Copy the data below exactly, but not the pictures it contains.

## Raw data
----
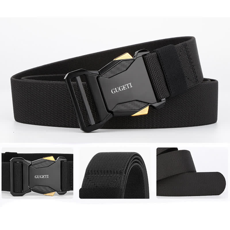 - Cette ceinture en nylon adopte une boucle à dégagement rapide qui se verrouille en « Plug » comme une boucle de ceinture de sécurité et se libère en un clic.
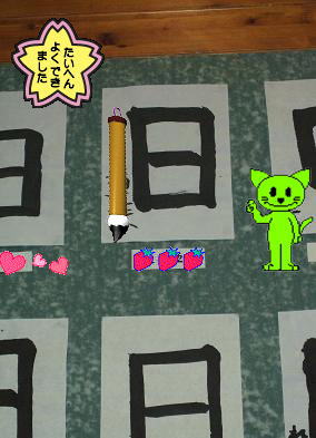 つーちゃんママは、小学校の学級評議員の為、長久文化祭のお手伝いです。しかし、今日に限って大雨。つーちゃんママの担当の「手作りおにぎり」販売も外の予定を急きょ中に変更です。お手伝いの前に、子供たちの展示物の見学です。長女は、習字の展示でした。つーちゃんママが書くより上手に書けていました。次は、長男のリース。先日、長男から「学校でリースを作るので、ドングリやビーズが欲しい」と言うので、三瓶へ家族皆で、ドングリや松ぼっくりを沢山拾って学校へ持って行ったのに・・・使ったのこれだけ?次は、次男の保育園コーナーへこの絵は、何の絵なんだー?つーちゃんパパは直ぐに判ったそうですが・・・。正解は、サツマイモだそうです。何故にカラフルなんだ?最近全色塗るのがマイブームらしい。次男は、もう一つ展示品がありました。ペットボトルの型で作った、「宝物入れ」だそうです。毛糸のグルグル巻きはクラスで一番に終わったと自慢していました。子供たちそれぞれの努力がみられました。感動に浸っていると、お手伝いの時間となったので、「手作りおにぎり」販売コーナーに行ってみると、まだまだ沢山のおにぎりが・・・急きょ、つーちゃんママは片づけ隊に変更になったので販売隊にお任せして大きな釜を洗うことにしました。販売隊に戻ってみると、あんなにあった「手作りおにぎり」がほとんど売れていました。すごーい。お手伝いの皆様お疲れ様でした。
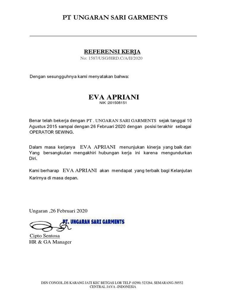 21 Ungaran Sari Contoh Surat Pengunduran Diri Karyawan Pabrik Garmen Pictures Irlashop
----
## Exercise solution
 - Cette ceinture en nylon adopte une boucle à dégagement rapide qui se verrouille en « Plug » comme une boucle de ceinture de sécurité et se libère en un clic.
 つーちゃんママは、小学校の学級評議員の為、長久文化祭のお手伝いです。しかし、今日に限って大雨。つーちゃんママの担当の「手作りおにぎり」販売も外の予定を急きょ中に変更です。お手伝いの前に、子供たちの展示物の見学です。長女は、習字の展示でした。つーちゃんママが書くより上手に書けていました。次は、長男のリース。先日、長男から「学校でリースを作るので、ドングリやビーズが欲しい」と言うので、三瓶へ家族皆で、ドングリや松ぼっくりを沢山拾って学校へ持って行ったのに・・・使ったのこれだけ?次は、次男の保育園コーナーへこの絵は、何の絵なんだー?つーちゃんパパは直ぐに判ったそうですが・・・。正解は、サツマイモだそうです。何故にカラフルなんだ?最近全色塗るのがマイブームらしい。次男は、もう一つ展示品がありました。ペットボトルの型で作った、「宝物入れ」だそうです。毛糸のグルグル巻きはクラスで一番に終わったと自慢していました。子供たちそれぞれの努力がみられました。感動に浸っていると、お手伝いの時間となったので、「手作りおにぎり」販売コーナーに行ってみると、まだまだ沢山のおにぎりが・・・急きょ、つーちゃんママは片づけ隊に変更になったので販売隊にお任せして大きな釜を洗うことにしました。販売隊に戻ってみると、あんなにあった「手作りおにぎり」がほとんど売れていました。すごーい。お手伝いの皆様お疲れ様でした。
 21 Ungaran Sari Contoh Surat Pengunduran Diri Karyawan Pabrik Garmen Pictures Irlashop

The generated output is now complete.